◆ What you have to do:
Copy out the data below from the line containing "Римская штора производителя" to the line containing "template)、部署策略(propagation policy)和差异化配置策略(override policy)3个对象。", both lines included, with all images left out.

◆ Available records:
***

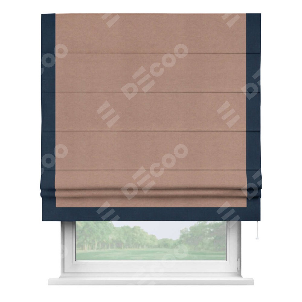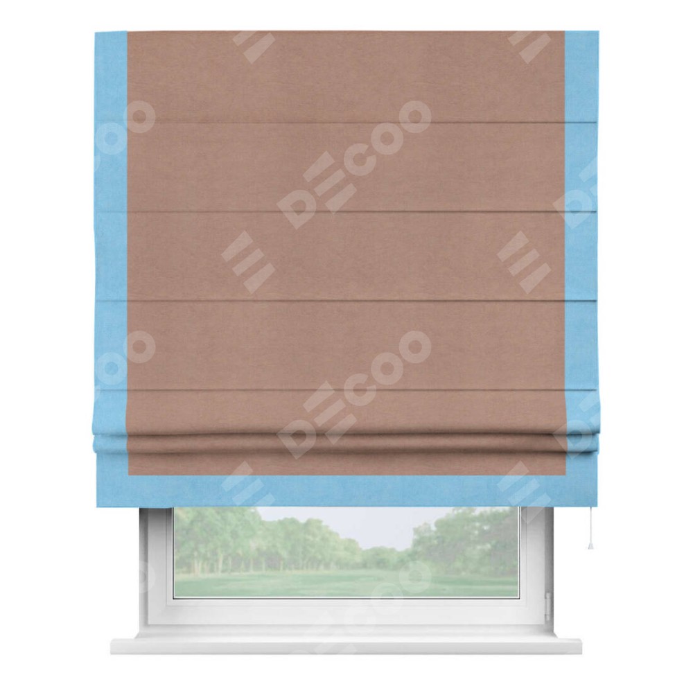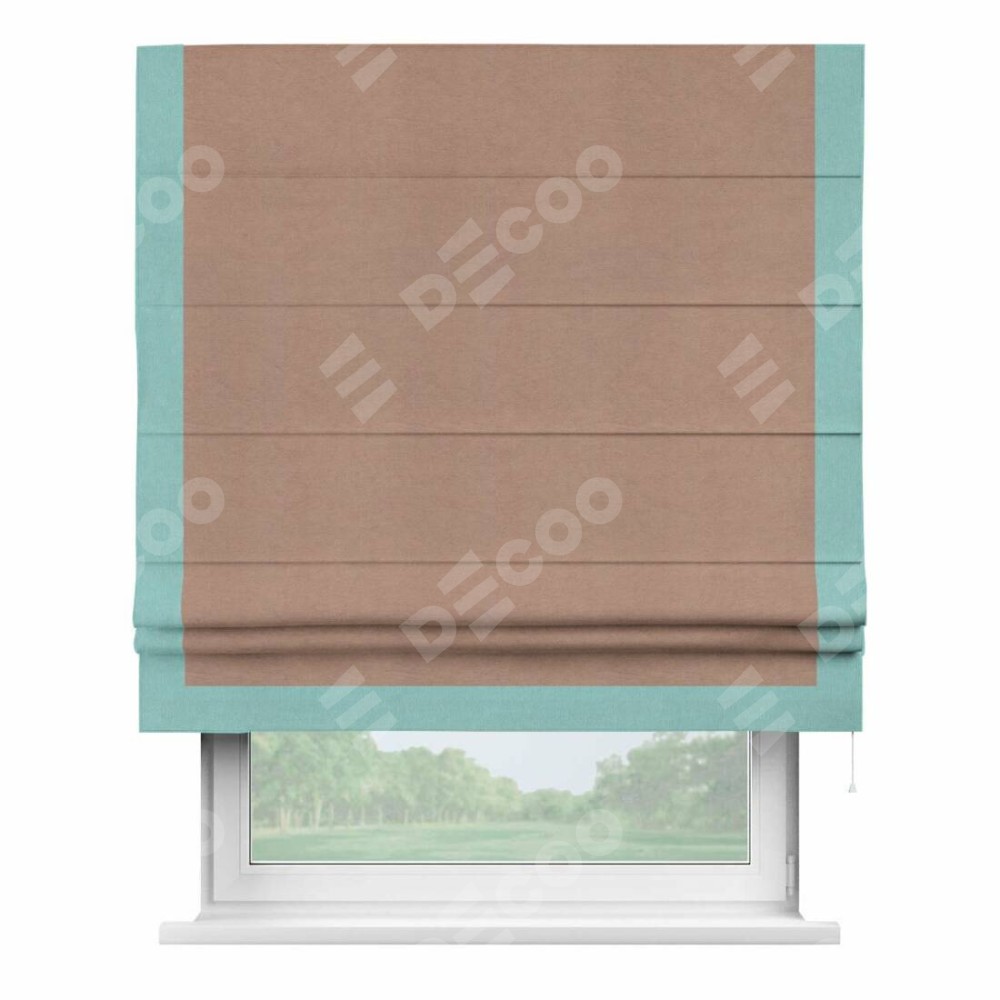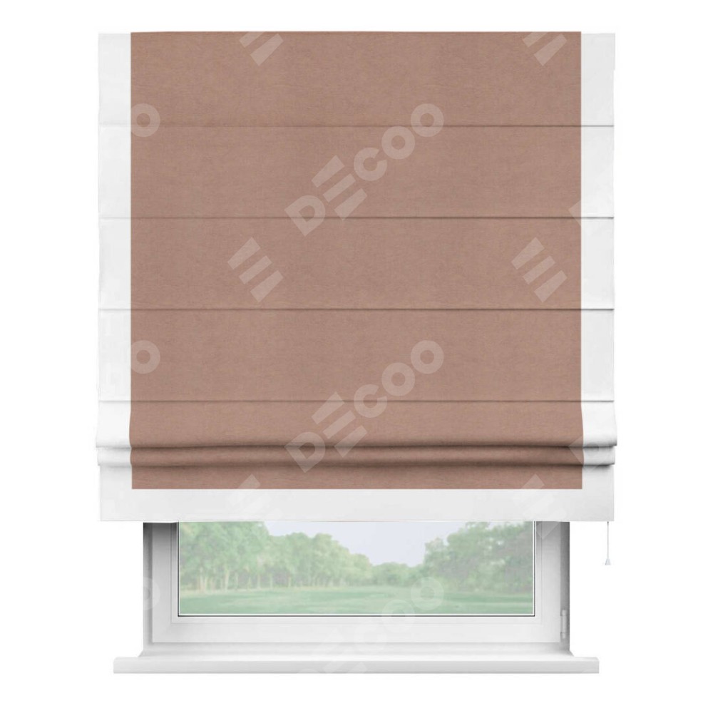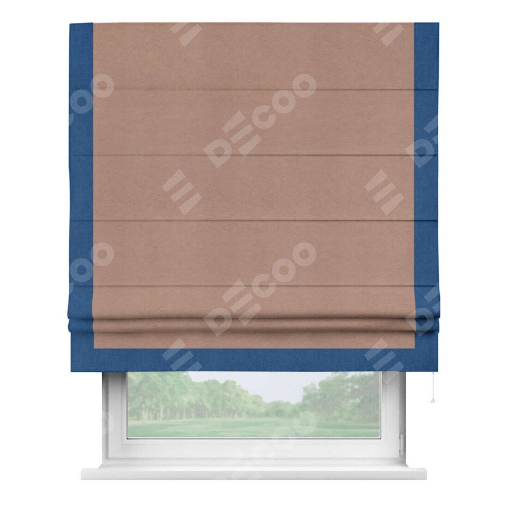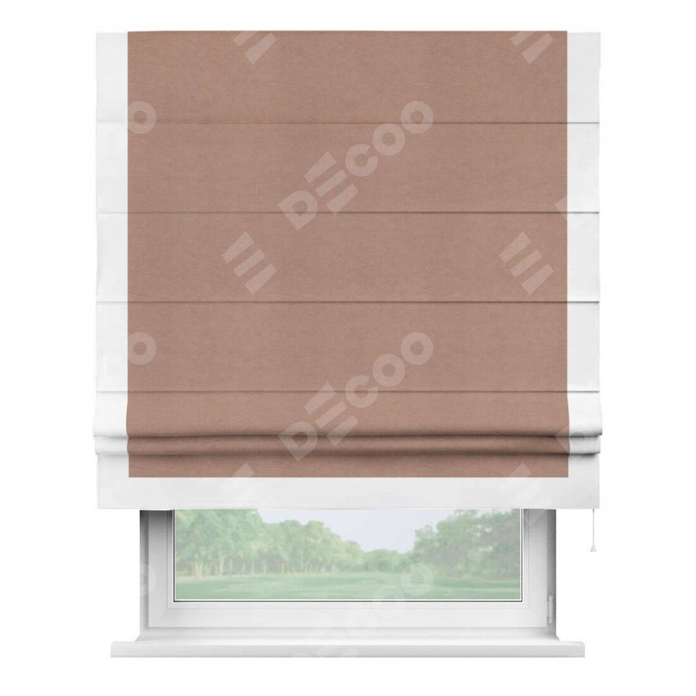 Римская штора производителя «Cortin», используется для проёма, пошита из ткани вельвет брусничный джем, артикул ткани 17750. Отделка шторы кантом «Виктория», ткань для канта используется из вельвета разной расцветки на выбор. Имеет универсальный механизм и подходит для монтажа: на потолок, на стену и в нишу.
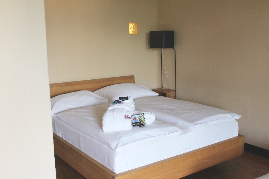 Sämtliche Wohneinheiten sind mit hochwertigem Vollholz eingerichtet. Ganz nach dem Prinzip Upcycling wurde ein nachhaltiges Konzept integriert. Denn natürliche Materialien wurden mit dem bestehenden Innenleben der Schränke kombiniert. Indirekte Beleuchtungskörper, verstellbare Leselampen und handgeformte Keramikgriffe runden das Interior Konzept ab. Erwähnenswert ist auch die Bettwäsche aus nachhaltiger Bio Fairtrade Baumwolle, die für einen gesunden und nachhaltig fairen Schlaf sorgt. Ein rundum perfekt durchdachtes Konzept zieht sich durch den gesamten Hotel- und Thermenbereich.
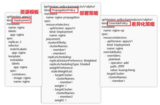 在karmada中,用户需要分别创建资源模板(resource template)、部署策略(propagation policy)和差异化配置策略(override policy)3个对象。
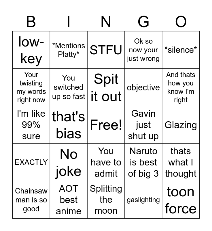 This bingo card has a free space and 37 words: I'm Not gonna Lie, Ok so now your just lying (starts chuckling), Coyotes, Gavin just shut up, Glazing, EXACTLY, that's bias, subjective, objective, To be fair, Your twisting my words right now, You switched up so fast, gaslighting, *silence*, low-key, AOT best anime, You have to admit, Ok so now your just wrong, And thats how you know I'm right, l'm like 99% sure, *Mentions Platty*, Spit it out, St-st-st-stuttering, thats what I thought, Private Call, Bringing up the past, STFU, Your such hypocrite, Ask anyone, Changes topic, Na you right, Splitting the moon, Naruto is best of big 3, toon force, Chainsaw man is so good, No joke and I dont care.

***

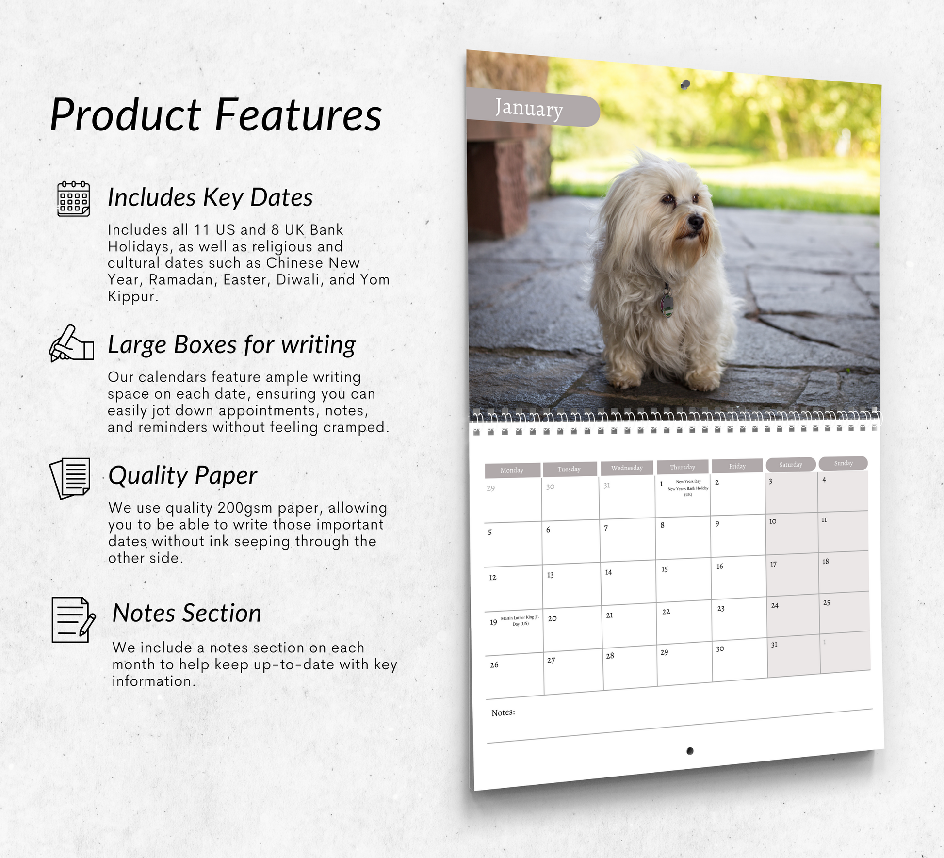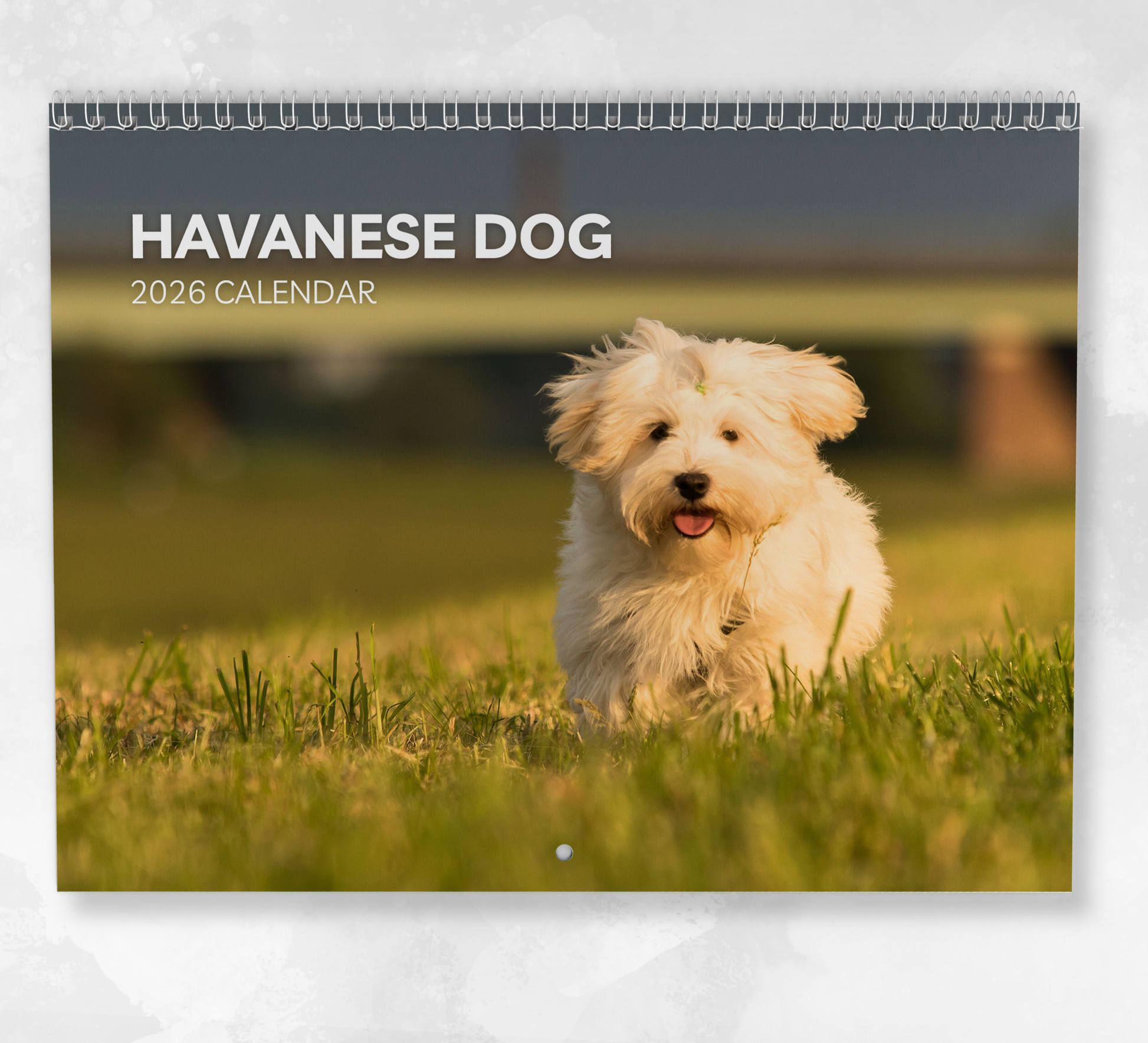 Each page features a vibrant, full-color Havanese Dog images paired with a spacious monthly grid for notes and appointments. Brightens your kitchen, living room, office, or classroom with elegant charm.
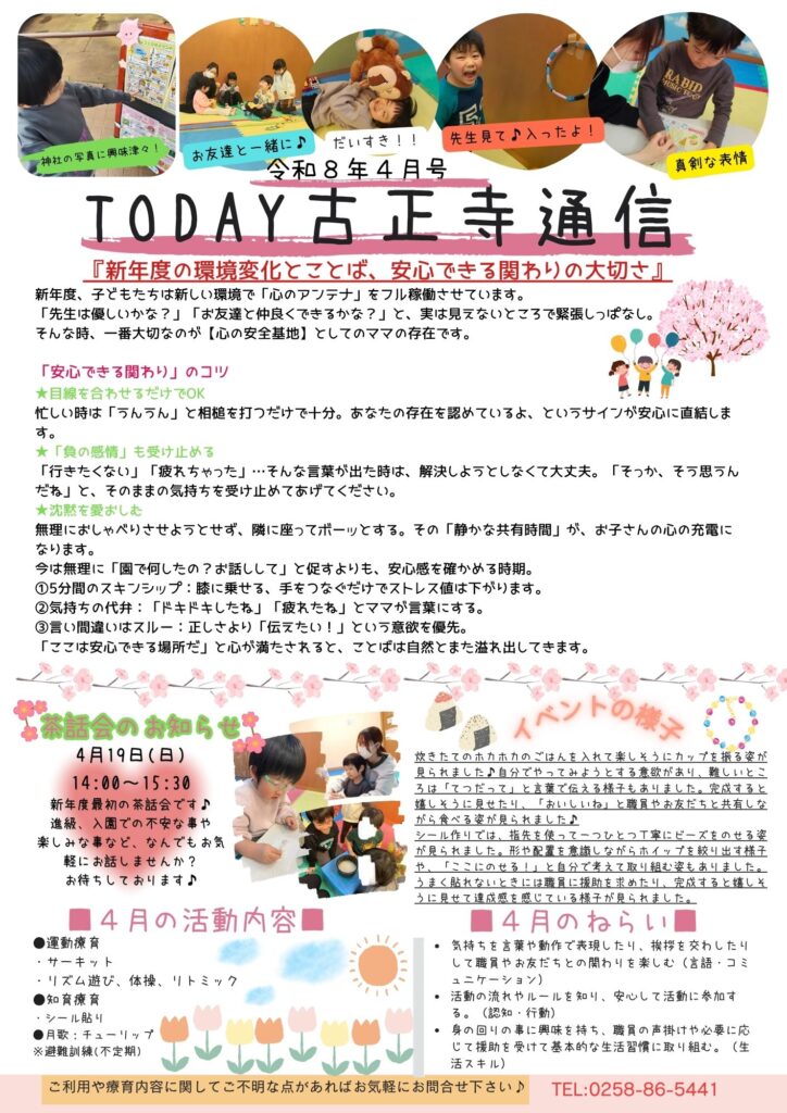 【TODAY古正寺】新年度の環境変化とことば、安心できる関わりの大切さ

***

◆ Solution:
 Римская штора производителя «Cortin», используется для проёма, пошита из ткани вельвет брусничный джем, артикул ткани 17750. Отделка шторы кантом «Виктория», ткань для канта используется из вельвета разной расцветки на выбор. Имеет универсальный механизм и подходит для монтажа: на потолок, на стену и в нишу.
 Sämtliche Wohneinheiten sind mit hochwertigem Vollholz eingerichtet. Ganz nach dem Prinzip Upcycling wurde ein nachhaltiges Konzept integriert. Denn natürliche Materialien wurden mit dem bestehenden Innenleben der Schränke kombiniert. Indirekte Beleuchtungskörper, verstellbare Leselampen und handgeformte Keramikgriffe runden das Interior Konzept ab. Erwähnenswert ist auch die Bettwäsche aus nachhaltiger Bio Fairtrade Baumwolle, die für einen gesunden und nachhaltig fairen Schlaf sorgt. Ein rundum perfekt durchdachtes Konzept zieht sich durch den gesamten Hotel- und Thermenbereich.
 在karmada中,用户需要分别创建资源模板(resource template)、部署策略(propagation policy)和差异化配置策略(override policy)3个对象。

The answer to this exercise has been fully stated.